I start for the door, planning on running out for some take out, and I notice the answering machine blinking at me. I feel both trepidation and excitement at the thought of another message from Mac. And then I feel fear – what if there isn't a message from her? What if she's had some kind of a break through in therapy and is done reaching out to me? Part of me wants that. I need that. I know I'll never be able to move on as long as she's in my life. Even if she's only in my life by way of my answering machine. I know I'll never be able to be her friend again. But the idea of her being done also terrifies me. I don't know why. Things have been… not great… between us for a long time, and I know part of that is my fault for not telling her about Singer. But even when things aren't great, knowing she's there gives me some sense of comfort.
And I need that right now. My job with the CIA is terrible, and I'm being asked to do things I can't do. It's only a matter of time before they cut me loose, and then what? I don't know.
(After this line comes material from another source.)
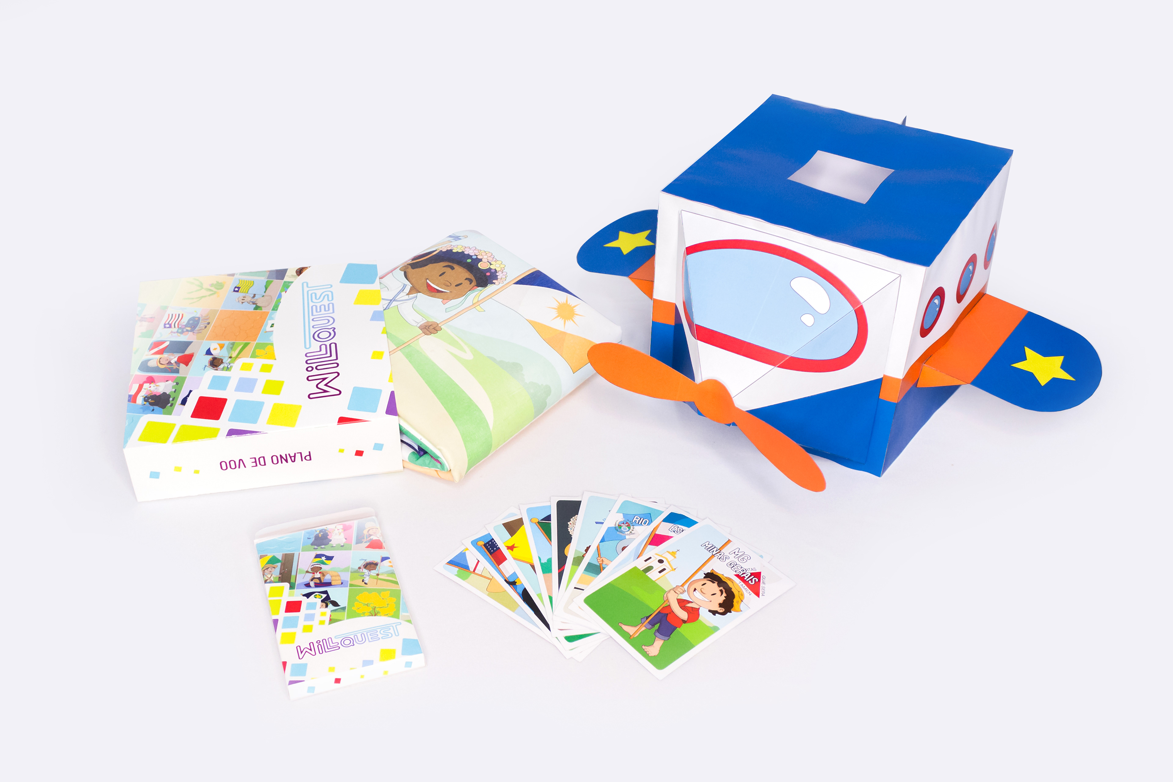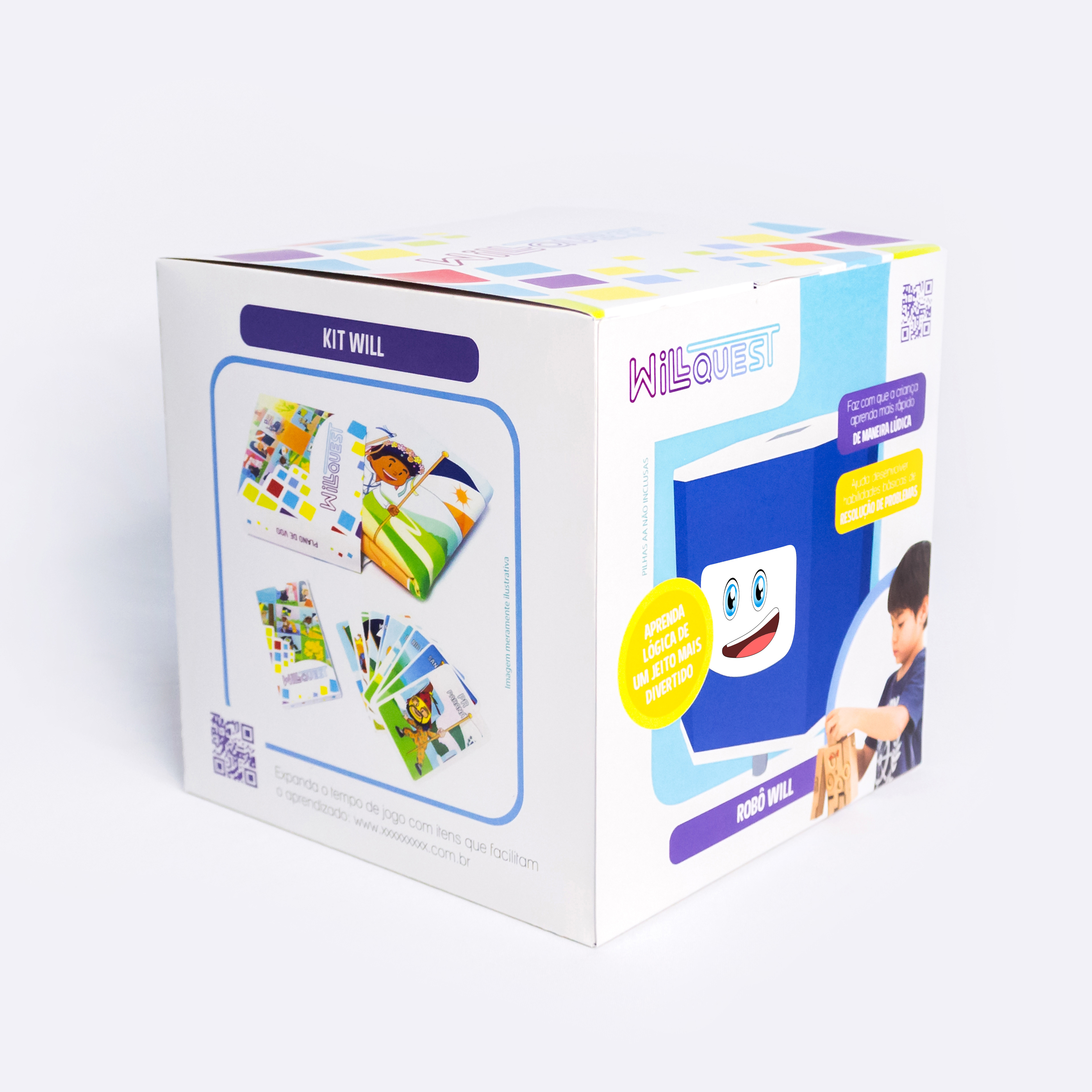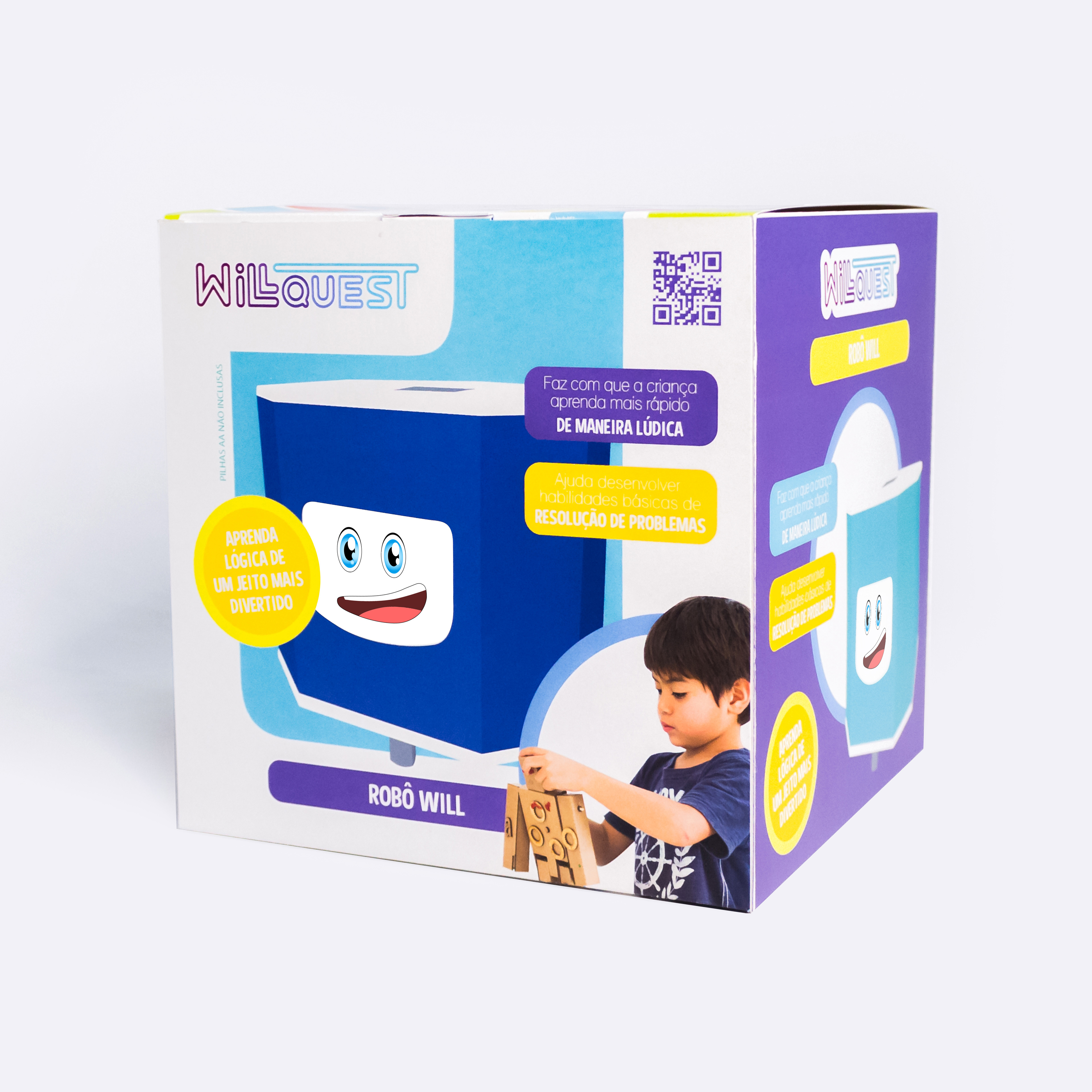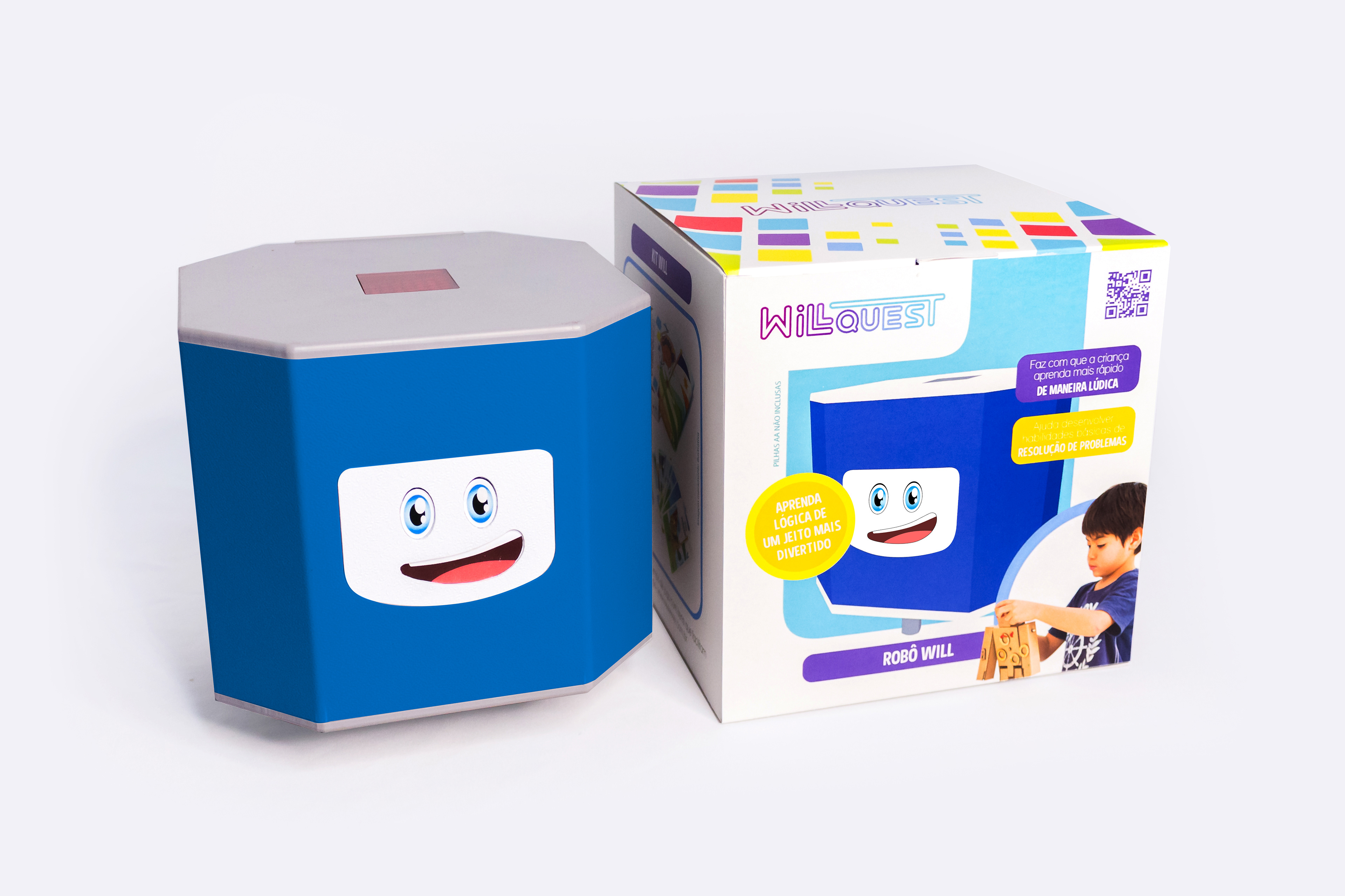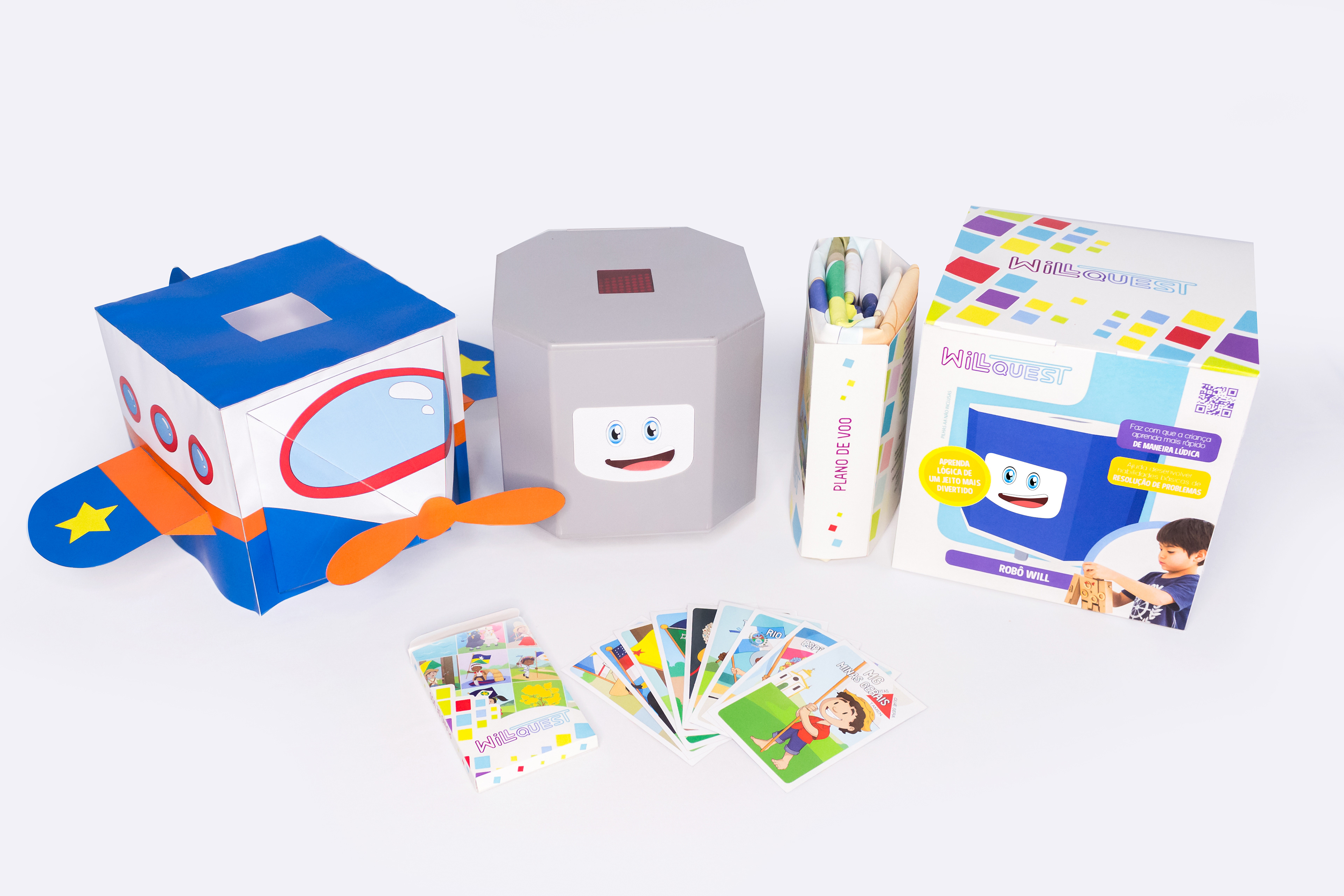 This project was created from scratch, including naming "Will + Quest (Will questions)", visual identity, prototype, production and photography. It was also required the design of packaging, which can be used as a means of transport, manual and product advertising. It was done in a way that is attractive to the child directly at the point of sale. The final product consists of packaging, activity mat, card kit, a paper kraft themed and the Will robot.

But as difficult and uncertain as all of this is, it's still not as unsettling with my relationship with her.
I have three messages, and I hesitantly reach out and I hit play. I had expected to hear her voice, but the first message is from my mother and the second is from my grandmother. I scowl as I listen to them, both women saying nearly the same thing as if they had coordinated them. I delete each one and hold my breath as the third one starts, and I let out the breath when I recognize her voice.
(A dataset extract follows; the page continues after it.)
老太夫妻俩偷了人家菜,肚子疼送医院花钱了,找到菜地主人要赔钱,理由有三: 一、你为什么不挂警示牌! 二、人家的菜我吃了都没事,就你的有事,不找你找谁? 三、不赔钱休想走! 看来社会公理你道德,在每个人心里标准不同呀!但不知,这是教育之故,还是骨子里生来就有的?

The message is brief, and unlike the others it gives me no real insight into what's going on with her. She has nothing to say to me? What does that mean? Does that mean that she is done reaching out to me? I almost wish my horrible trip had lasted another day. Because tomorrow is Thursday, and I usually get a second message on Thursday. I stare at the machine for a minute, and then I hit delete. It was the first of her messages that I've deleted. I feel a twinge of regret once it's done, but I also feel victorious. I feel like a teenage boy who has just been rejected by a girl, and tells his friends that it's okay because he didn't really like her that much anyway.
Friends. Not that I have very many of those these days anyway. I have Keeter, and I'm thankful for him and the twenty plus years of uncomplicated friendship, but he's in Dubai doing god knows what. I obviously don't have Sturgis anymore. And I don't have my friends at JAG anymore either. I know I could if I wanted to, but I don't want to. I've had about a dozen messages from Bud and Harriet. They've invited me for dinner, invited me for lunch, told me that AJ misses me and asks about me. But I just can't bring myself to call them. I can't tell them what's been going on, because it would be wildly inappropriate. But, like everything in my life, it also circles back to Mac. I think of her earlier messages and her heartbreaking words about her lack of friends, and I can't help but wonder about her current relationship with the Roberts'. If they were still friendly, I can't confide in them because Harriet had a tendency to meddle and I know anything I say to them would get back to her. But if something happened and they aren't on friendly terms, well, I can't help but be angry at them for that. Nothing that had happened since I resigned and went to Paraguay had anything to do with them, and I hate the thought that they may be taking my absence out on her.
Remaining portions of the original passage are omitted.